Twilight Sleep
So… this week is pretty hectic. I have four chapters to study, four or five International Court of Justice cases to study (at least they waffle less than US or UK judgements), three cases to solve, a load of research to do, a 1000 word assignment to write, and the house to clean, and a toilet to unblock – all by 6pm on Friday. Then I have four days of my family visiting, before a load more cases to study and more research to do and more assignments to write between Monday afternoon and noon on Tuesday. As you can imagine, I’m just about hanging on by the skin of my teeth.
I study far from home – well, fairly far anyway. I can get to my family with about a day’s travel. One particularly difficult thing about this is that I rarely get to see my Gran: she has severe dementia, and for a long time she didn’t recognise any of her family. A new care home, with better care, has meant that she’s much more aware, knows her family, recognises photographs of herself and my Grandad. She still can’t create any new memories, though; she reads the same book every day, because she’s no idea that she’s already read it.
Then a few hours ago, my Dad tells me that my Gran, who has been ill for about a week, will be having a biopsy some time in the next few days. The doctors have discovered a lump; they think she may have cancer.
If she does have cancer, she’s too old for treatment. They’ll “make her as comfortable as possible”. If she doesn’t have cancer – she still has an inoperable lump in her digestive system. It’s made her seriously ill twice so far. It’s not like she has years ahead of her, either way.

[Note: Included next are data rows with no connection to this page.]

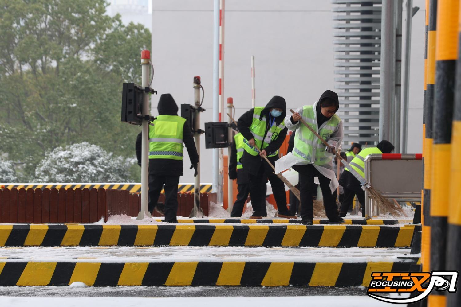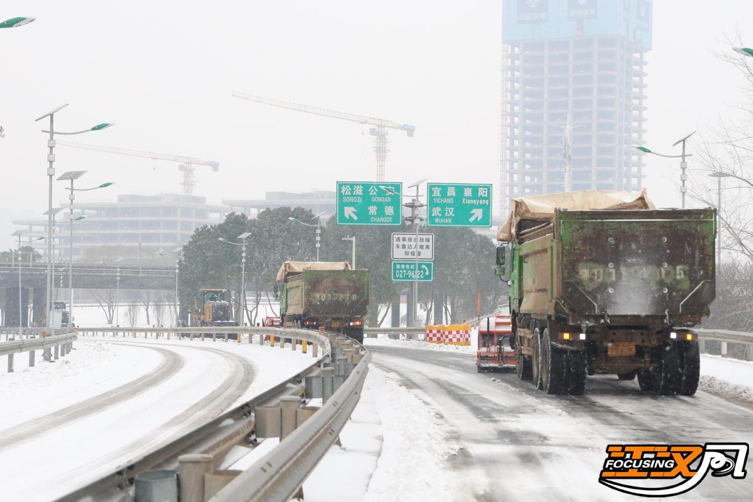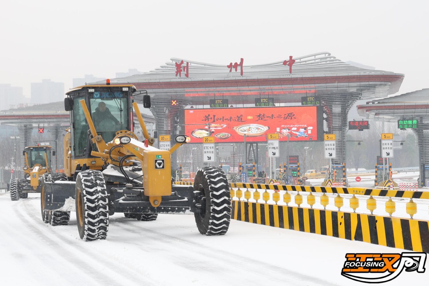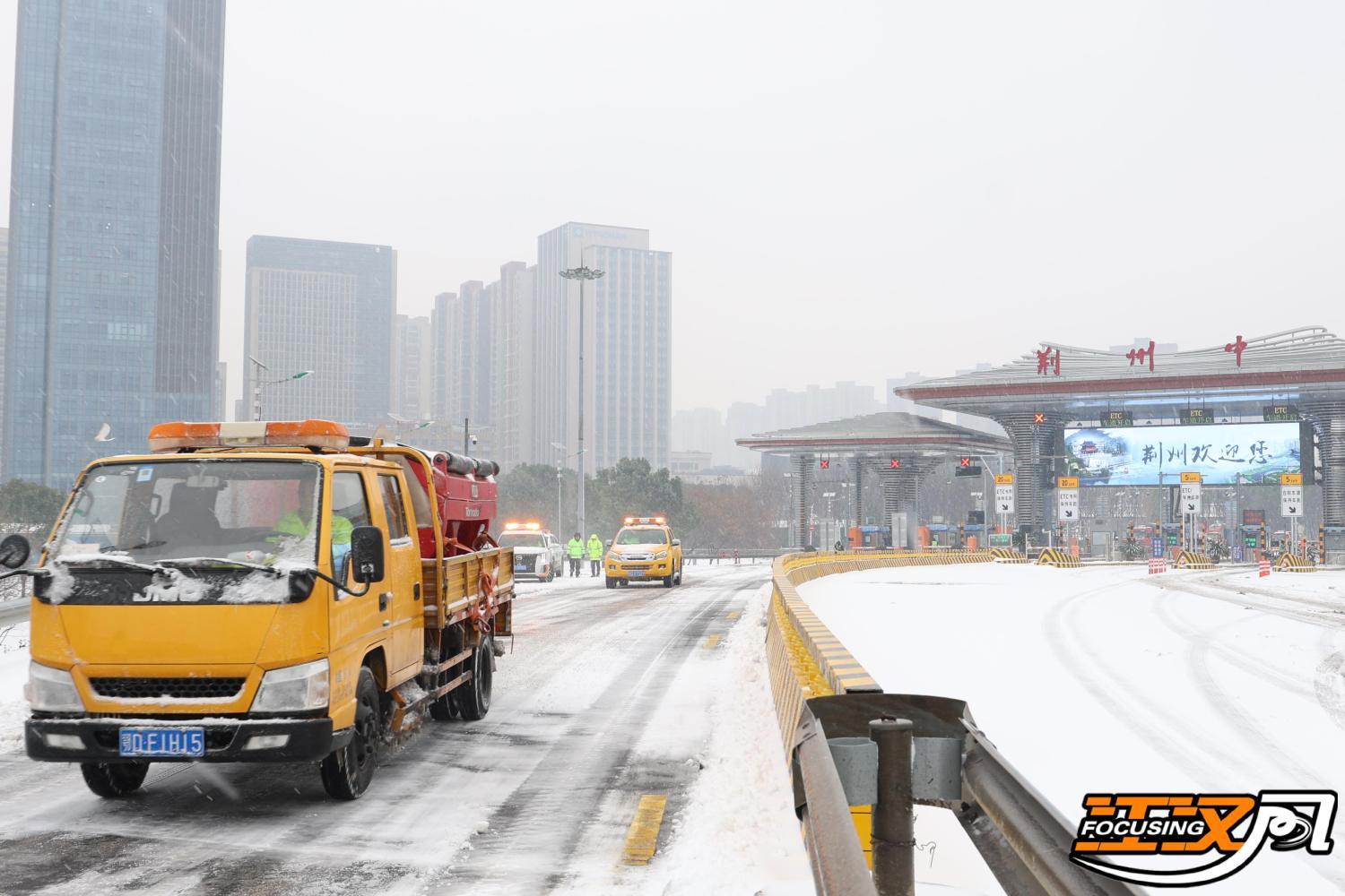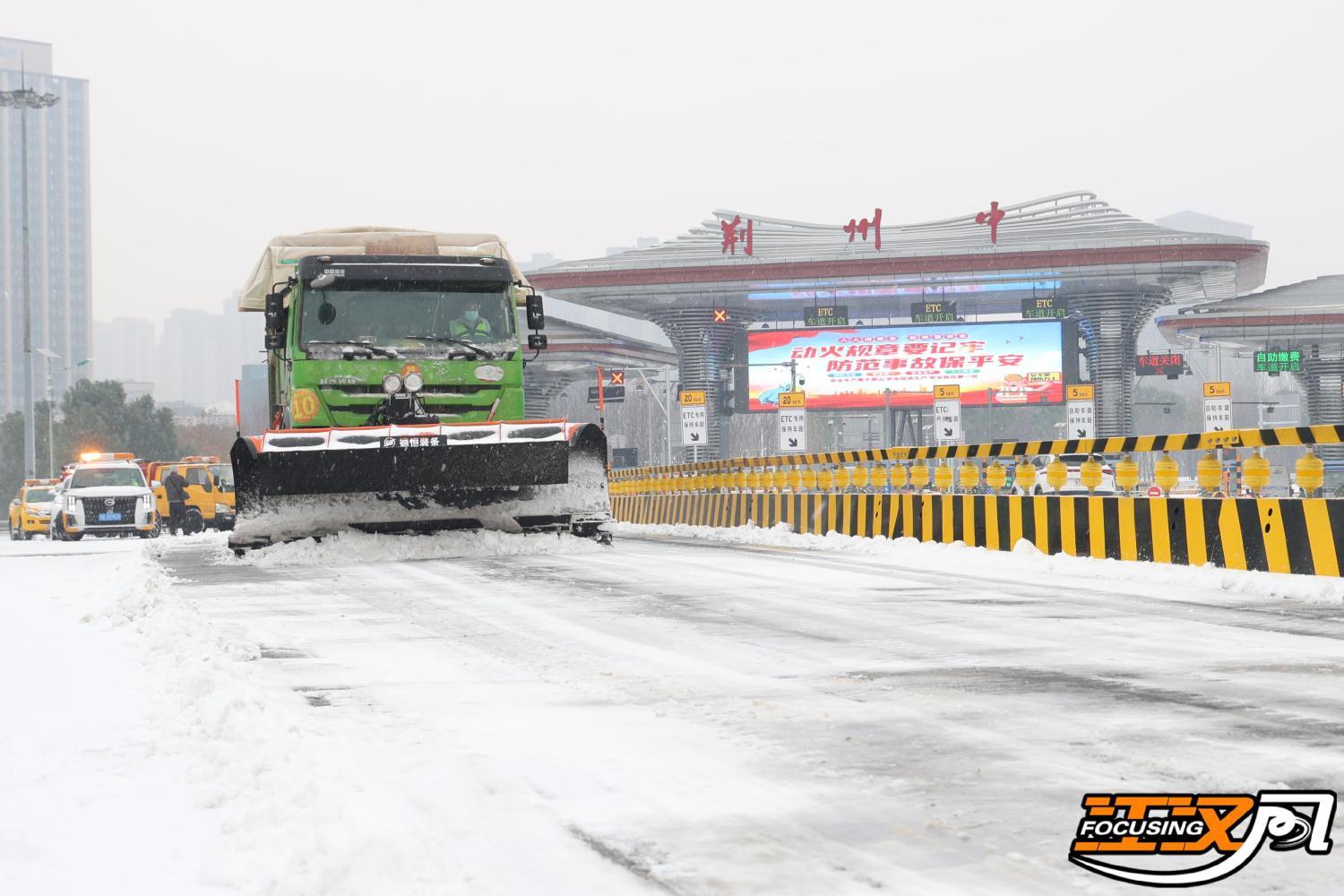 1月20日上午,融雪车在荆州市路桥巡检路产巡检大队工作人员指挥下,在二广高速荆州中北入口段进行融雪作业。(记者:张梦瑶潘路摄)
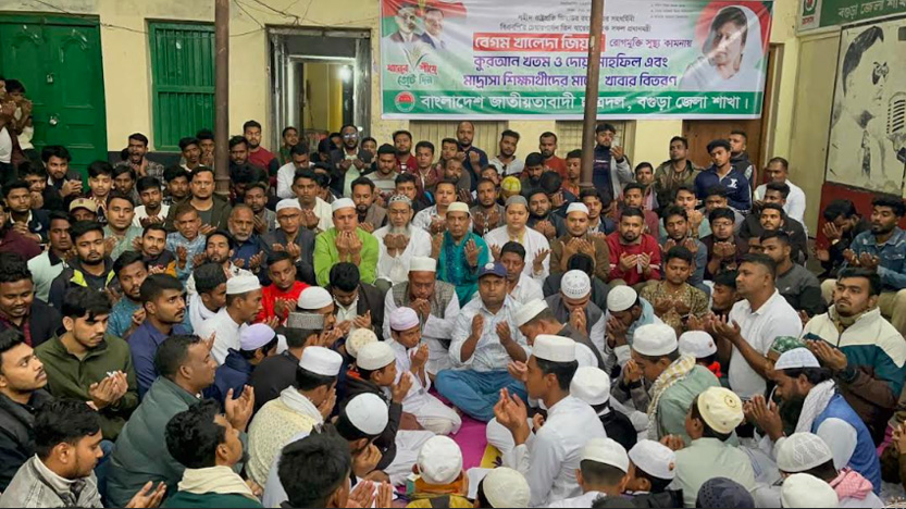 বিএনপি চেয়ারপার্সন ও সাবেক প্রধানমন্ত্রী বেগম খালেদা জিয়ার রোগমুক্তি ও সুস্থতা কামনায় বগুড়ায় কুরআন খতম, দোয়া মাহফিল এবং মাদ্রাসা শিক্ষার্থীদের মাঝে খাবার বিতরণ করা হয়েছে। সোমবার বাদ আসর জেলা ছাত্রদলের আয়োজনে শহরের নবাববাড়ি সড়কের দলীয় কার্যালয়ে এ আয়োজন করা হয়।
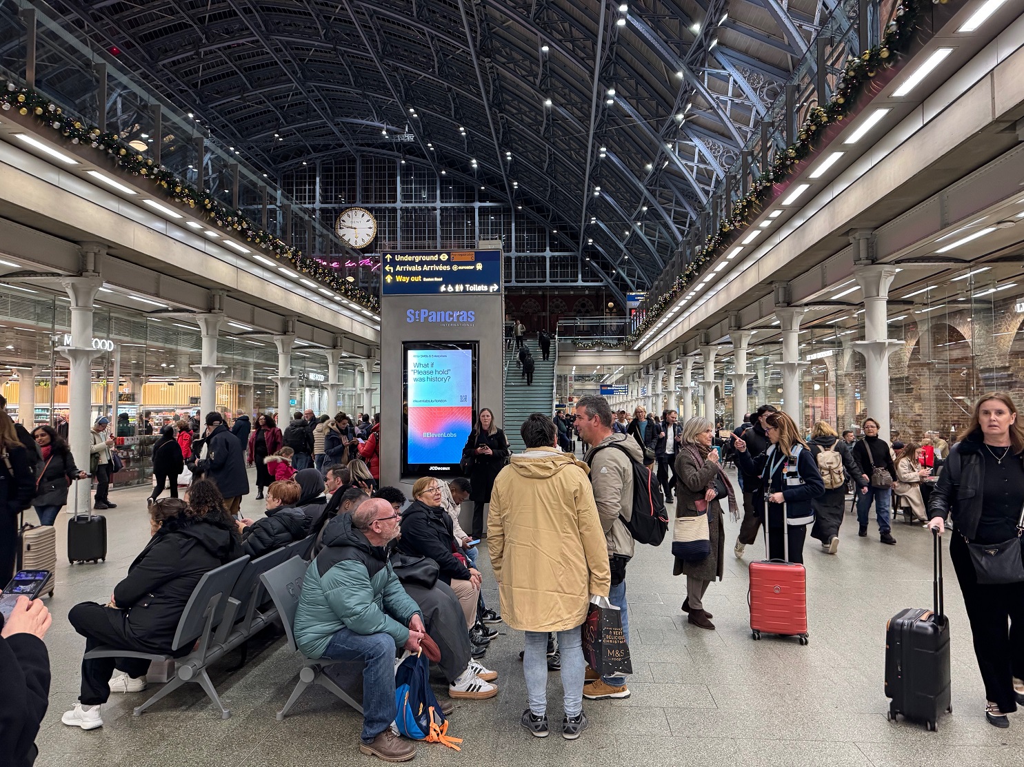 Cette fois, il est conseillé d’arriver à la Gare de St Pancras 1h15 avant l’heure de départ de votre Eurostar (au lieu de 1h avant, en Gare du Nord). Même principe qu’à Paris : du personnel d’Eurostar se tient avec des panneaux circulaires indiquant l’horaire du train pour lequel la file est ouverte. Il n’est pas utile de venir plus tôt : vous ne pourrez pas encore passer les contrôles.
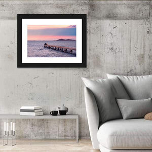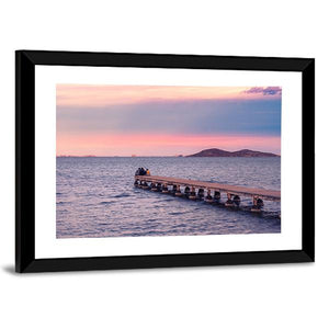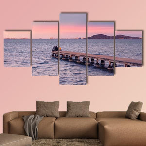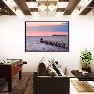 This impressionistic canvas depicts a jetty with two silhouetted figures against a pink-and-blue sunset over the ocean and nearby islands, creating a calm, romantic atmosphere. Soft purples and warm browns blend into the sky and water, making it a natural fit for modern living rooms or bedrooms seeking serene wall decor.
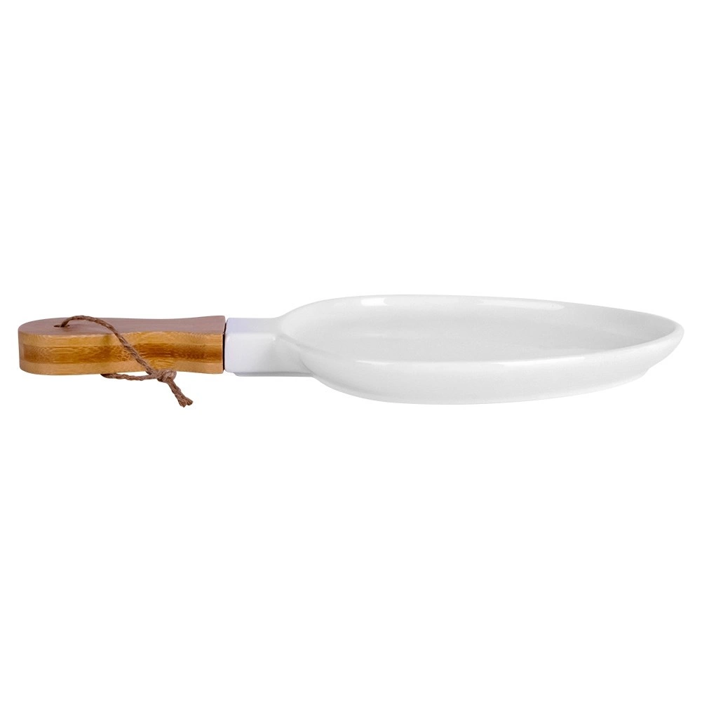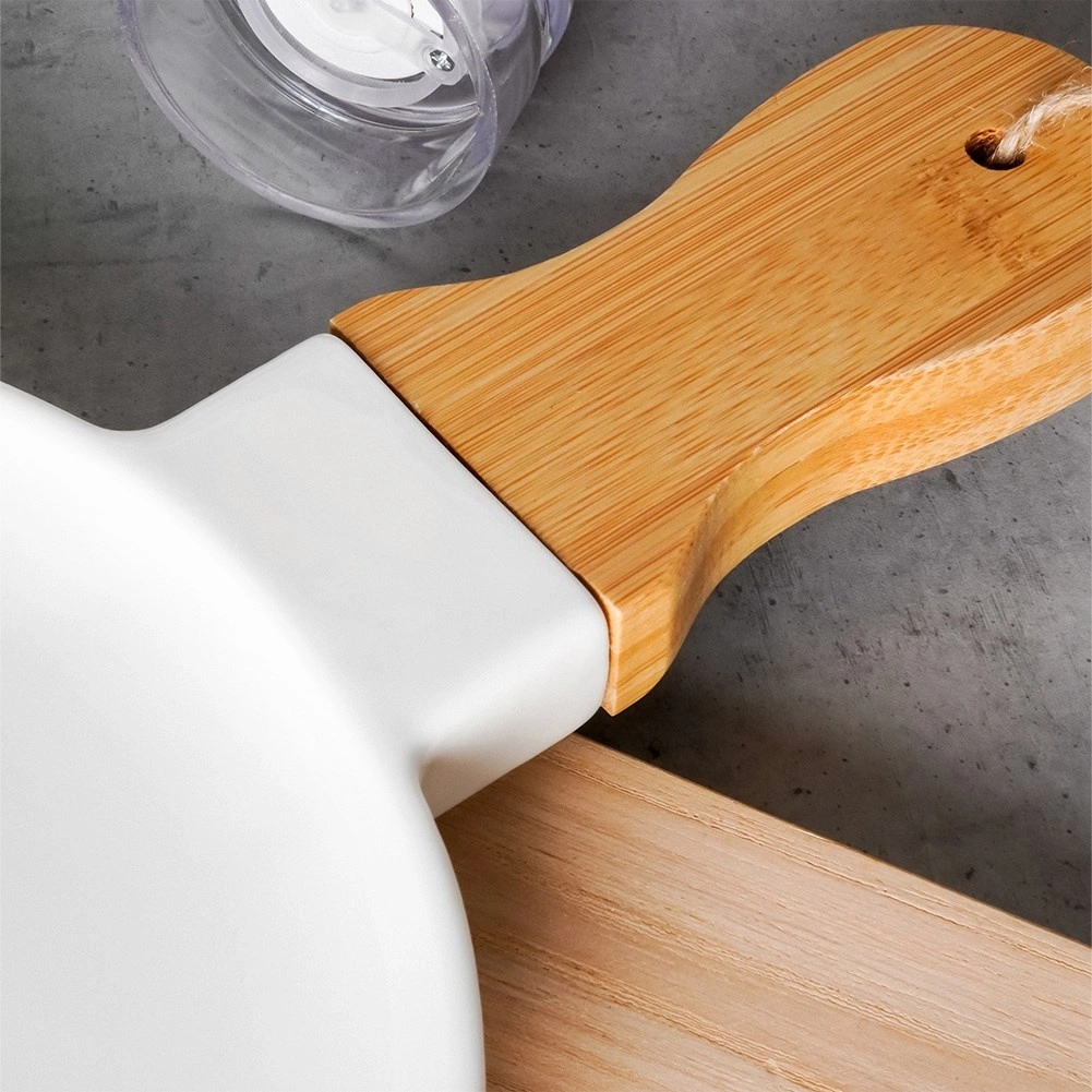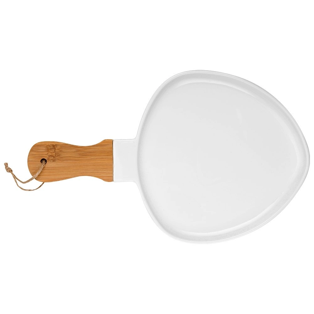Zahvaljujoč udobnemu oprijemu z odprtino in vrvico se plošča enostavno prenaša in jo lahko tudi obesite za prihranek prostora. Odlikuje jo univerzalna uporaba v gospodinjstvu, restavraciji in ob posebnih priložnostih. Kombinacija naravnega bambusovega ročaja in bele glazirane porcelanaste površine deluje elegantno in reprezentativno.
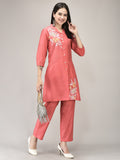 Chic Coral Elegance: Embroidered Co-ord Set
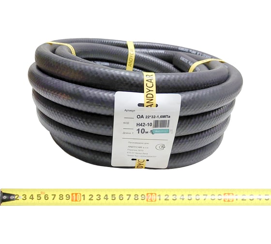 Шланг резиновый 3-х слойный маслобензостойкий ГОСТ 10362-2017 (22х32 мм 16 атм. бухта 10 м) Andycar H42-10
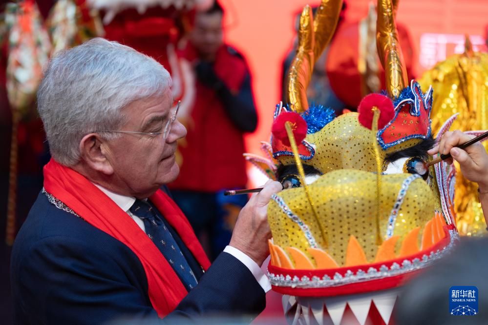 2月24日,海牙市长范扎能在荷兰海牙市政厅内为舞龙点睛。当日,“福龙迎新春”暨元宵节庙会活动在荷兰海牙市政厅举行。
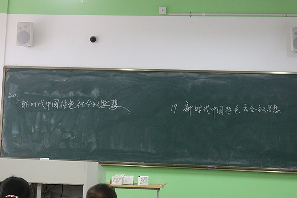 随后,王春儿宣读了比赛规则,板书的书写内容为“新时代中国特色社会主义思想”。比赛中,各位参赛选手通过抽签决定上场顺序,两两一组完成书写。老师们的字体或清秀端庄或雅致工整,或遒劲有力或韵味十足,无不展现着书写者的个性。
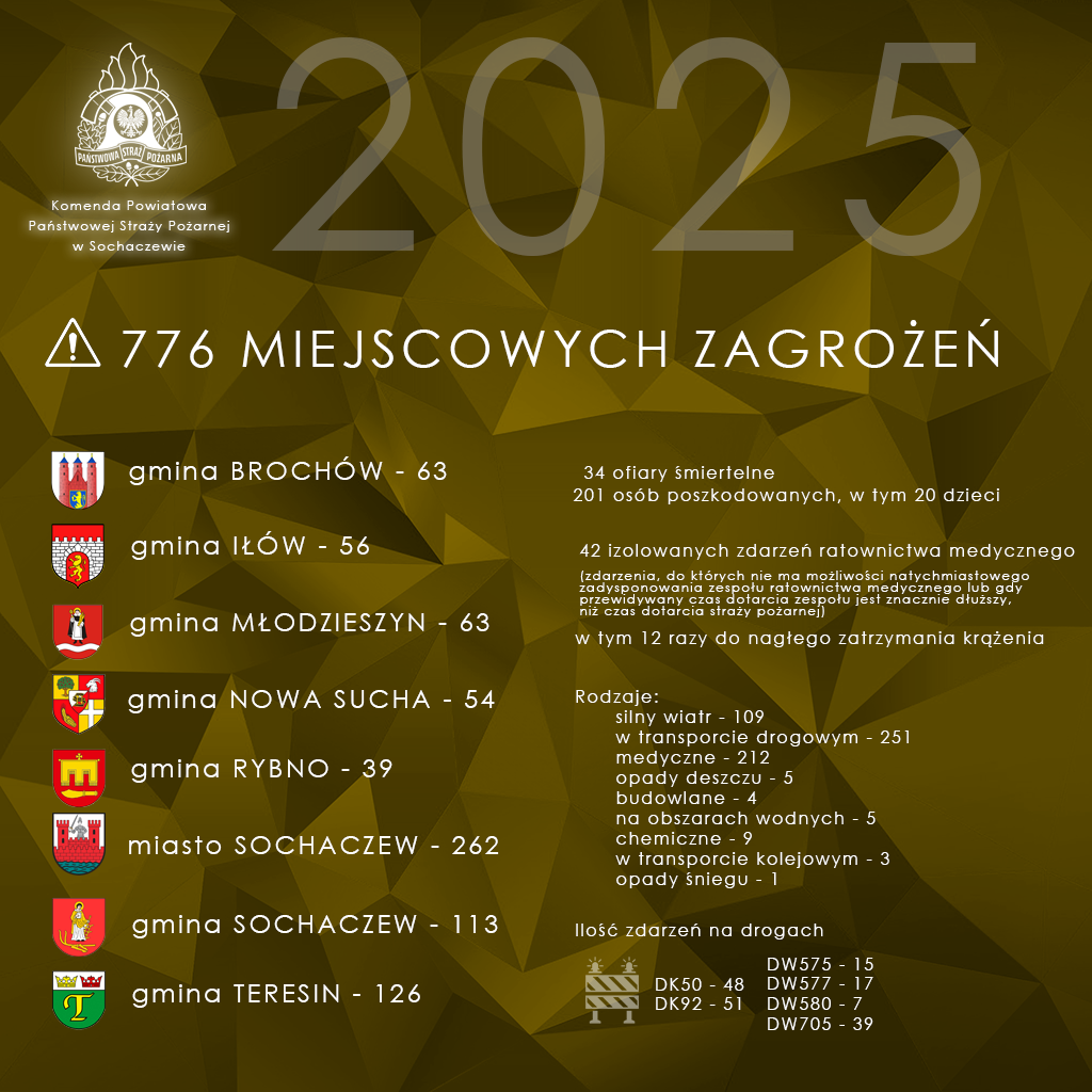 776 miejscowych zagrożeń (913 zdarzeń w 2024 roku),

I know it’s not the fault of the doctors, or of the care home staff. What can they do? She is old – very old. She probably wouldn’t survive major surgery, let alone any kind of chemo or radiotherapy. But the idea of making her comfortable – it’s horrible. She has serious dementia; the only thing keeping her remotely in touch with the world is the care provided by the wonderful staff at the care home. What if she has to go into hospital long-term? She’ll forget everything – including her family. What if she can remain at the home, but is bedridden? The care she receives depends upon interaction, with the staff, the other residents, even just people on the TV. She can’t participate fully in that if she can’t sit in the lounge and read her book again, with all the comings and goings around her.
If she does have cancer, she’ll never know she has it. How could she? We’d tell her; and a few hours later she’d forget. Do we wake her up every morning, and say, as she eats her breakfast, “I’m sorry, Gran…” – or “I’m sorry, Mum…” – or “I’m sorry, Kath…” “…you have cancer. The doctors say – *check calendar, how long today?* – you have x months left”.
Or do we not tell her, let her spend her days wondering, more and more as time goes on, why she feels so grotty? Why she’s so ill? Why she’s so tired? With never an answer – a mere four months is already over a hundred days. Over a hundred days of wondering this; of such confusion and suffering. It’s like Twilight Sleep.
And when she dies – that will be truly desolate. Can we spend every moment by her bedside, telling her minute by minute that we love her? If not, the chances are good, if she’s been in hospital, or if her dementia gets worse, that she’ll die not knowing that she has a family who love her dearly. That she’ll die alone, not understanding how or why, not knowing that it’s coming, not knowing that anyone cares.